WHAT IS BEING ASKED = Only the lines from the one containing "2、户型紧凑、实用,77平2房和81平小3房户型稀缺,总价相对低;" to the end of the data should be copied, exactly and without pictures.

DATA SECTION =
════
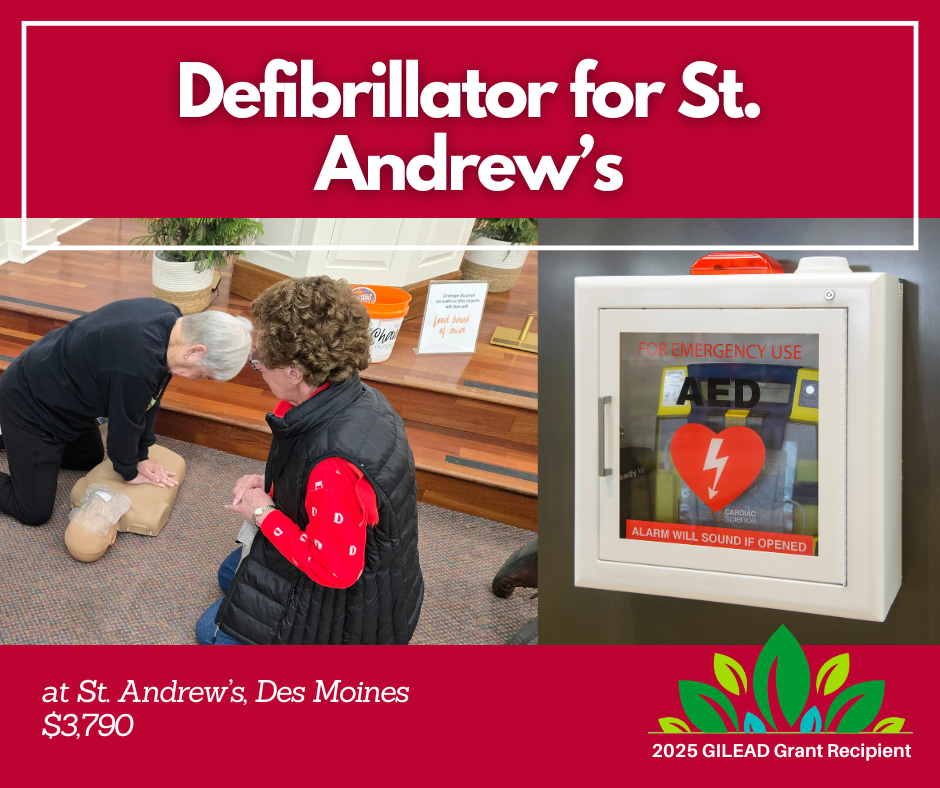 We've completed our first aid safety plan for our church by purchasing and mounting portable AED (Automated External Defibrillator) in a high-traffic area of the church. With a significant number of elderly members and our location in a lower income neighborhood with a community refrigerator and community garden on-site, we want to be prepared and equipped to respond to First Aid needs if they arise. Grant funds have been used to purchase the portable AED and wall cabinet to house it, and funds covered Red Cross volunteer training for First Aid (which includes AED training) fees for at least 10 people across the tri-church community (St. Andrew’s, Trinity Cush, & the Darfur Community of Iowa all share space in the building, and all 3 expressed interest in having several of their members trained).
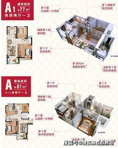 2、户型紧凑、实用,77平2房和81平小3房户型稀缺,总价相对低;
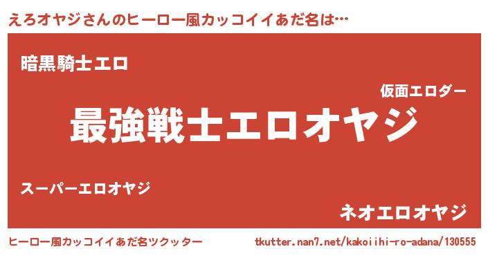 | 男性向けラノベタイトル風あだ名 | 『えろオヤジ~年齢イコール彼女いない歴の魔法使い~』 |
════
RESPONSE =
 2、户型紧凑、实用,77平2房和81平小3房户型稀缺,总价相对低;
 | 男性向けラノベタイトル風あだ名 | 『えろオヤジ~年齢イコール彼女いない歴の魔法使い~』 |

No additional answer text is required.